▶ Task details
Setting aside any pictures, reproduce the data exactly.

▶ Provided data
BEGIN
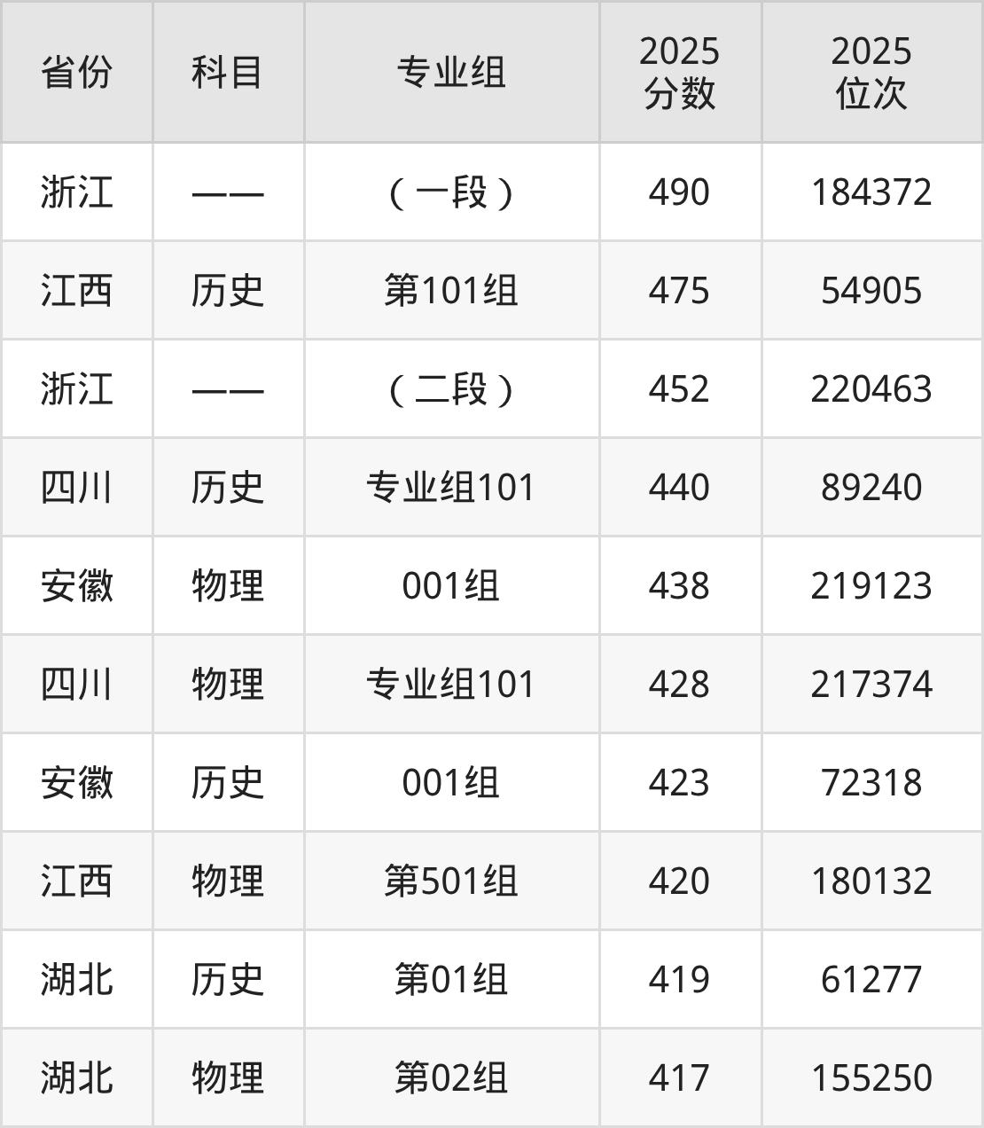 10、现代物流管理:490分、位次184372名;
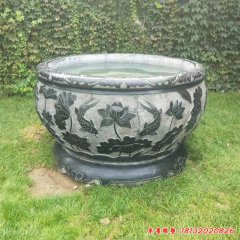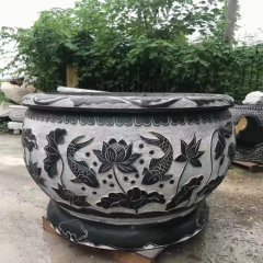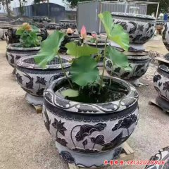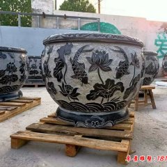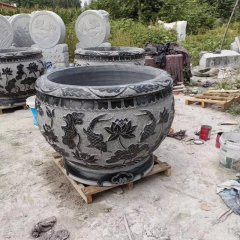 荷花鯉魚石浮雕水缸,青石仿古水缸
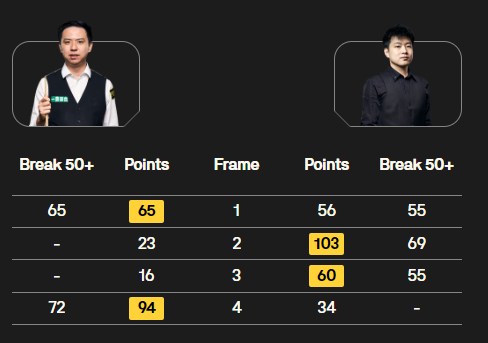 首局肖国栋打出单杆65分完成单局逆转,随后赵心童打出单杆69分和55分连下两城,第四局肖国栋打出单杆72分获胜。
END
▶ Result for this exercise
 10、现代物流管理:490分、位次184372名;
 荷花鯉魚石浮雕水缸,青石仿古水缸
 首局肖国栋打出单杆65分完成单局逆转,随后赵心童打出单杆69分和55分连下两城,第四局肖国栋打出单杆72分获胜。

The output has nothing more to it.